Beware the 'P' word
Yesterday was a day out of the office. The other Neil and I were at briefings with the VP of Product Development of an ESB company and then the President/CEO of a service-oriented management company. Whilst the focus of their employers' respective offerings is clearly different, there was one theme that came across loud and clear in their respective pitches: policy.
Unsurprisingly - these were SOA-related briefings after all - interoperability and standards support were equally strong themes and, more specifically in this regard,
WS-Policy. They were both describing the use of WS-Policy to define operational requirements - security, load balancing, transformation etc. - which can be enforced by their own solutions and other components of the SOA infrastructure.
Once back here in
The Fens, I began trawling through the list of unread blog posts when I came across
this from Ian Glazer at
Trusted Network Technologies (via the very useful
Planet Identity feed - thanks
Pat). Ian calls out
a post from
Sara Gates', Sun's VP of Identity Management reflecting on the recent
RSA Conference calling for a moratorium on the use of the 'p' word because:
It’s become a bad word in that the word “policy” in the technology arena has so many meanings that it has actually become meaningless. “Policy” means a lot of things, all of them ultimately in a business, and often, security context. A policy can be on data protection, a policy can be on access control in the platform or application, a policy can be in a dusty three-ring binder that no one ever uses, a policy can be made in response to a law or regulation
Ian goes on to say that
The Identity lexicon is a strange one. We use words that have multiple meanings. We use terms to hide the realities of market segments. Policy is definitely high on the list of overused and under-defined terms.
and cites as evidence the proliferation of policy management interfaces within identity management solutions:
I spent last week asking a variety of vendors how many different policy management interfaces they have for their products. I think the average for a decent sized identity management vendor is around 5. (One vendor told me of over 10 different policy management interfaces for their suite of products.) Customers are being overwhelmed with different policy tools. Multiple policy management interfaces from multiple vendors.
Don't get me wrong. Here at MWD we are strong advocates of policy-based approaches, as anybody who is familiar with our views on
SOA will be aware:
By encouraging openness, flexibility and reuse, a service-oriented approach guarantees that we cannot know in advance which consumers might request which services. We cannot know what kinds of obligations might need to be fulfilled, until a request is made. The way to handle this uncertainty, which is sure to arise as service portfolios expand and become more complex, is to use the design concept of “policy” to dictate the conditions which must exist for the contract between a consumer and a provider to be fulfilled.
As IT organisations strive to break down the application and infrastructure stovepipes which are constraining their businesses and move towards a distributed, virtualised, heterogeneous architecture, their ability to define business-meaningful policies which can be enforced consistently throughout the fabric of the
'next-generation data centre' will be critical. I agree completely with Sara when she says:
How about a moratorium on the “P” word unless it is modified with a precise, readable explanation of what we mean?
I would go further to add 'consistent' to her list of adjectives. Customers are currently suffering from a case of policy overload. Vendors operating across broad swathes of the technology landscape - application lifecycle management, information lifecycle management, IT governance, IT service management, service infrastructure etc etc - are promoting policy-based approaches. But can they interoperate? Ahh - but surely that's where WS-Policy comes in.
Let's be clear. First of all, WS-Policy has not been submitted to a standards body.

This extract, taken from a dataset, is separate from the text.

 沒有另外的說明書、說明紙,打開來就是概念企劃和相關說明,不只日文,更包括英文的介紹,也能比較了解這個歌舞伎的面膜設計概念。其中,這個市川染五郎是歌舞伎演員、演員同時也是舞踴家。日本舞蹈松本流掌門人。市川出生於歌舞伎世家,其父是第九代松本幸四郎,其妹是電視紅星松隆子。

Secondly, as the authors (BEA, IBM, Microsoft, SAP, Sonic and VeriSign)
point out:
WS-Policy provides a general purpose model and syntax to describe and communicate the policies of a Web service.
The Web Services Policy Framework (WS-Policy) provides a general purpose model and corresponding syntax to describe and communicate the policies of a Web service. WS-Policy defines a base set of constructs that can be used and extended by other Web services specifications to describe a broad range of service requirements, preferences, and capabilities.

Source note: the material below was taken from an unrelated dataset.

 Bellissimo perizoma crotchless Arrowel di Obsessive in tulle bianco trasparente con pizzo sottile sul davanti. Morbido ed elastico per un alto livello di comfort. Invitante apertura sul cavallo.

The key phrases here are "general purpose" and "can be used and extended by other specifications to describe a broad range of service requirements, preferences, and capabilities" (WS-SecurityPolicy is one example of such an extension, focussed on policy assertions for web services security). In other words, WS-Policy does not deal with semantics: it provides a framework within which those semantics can be defined. Support for WS-Policy provides no guarantee that the way one vendor defines a particular policy can be interpreted and enforced effectively by another. That will require agreement on semantics. It's not going to be easy! It will require the participation and cooperation of vendors of all shapes and sizes. Vendors, moreover, who are going to have to relinquish the control that ownership of policy definition can provide.
We will certainly continue to highlight this issue in our discussions with vendors but I am not naive enough to believe that the opinions of analysts carry the same weight as those of customers and prospects holding IT budgets. I am hopeful that as the 'p' word is raised in vendor pitches some tough questioning ensues.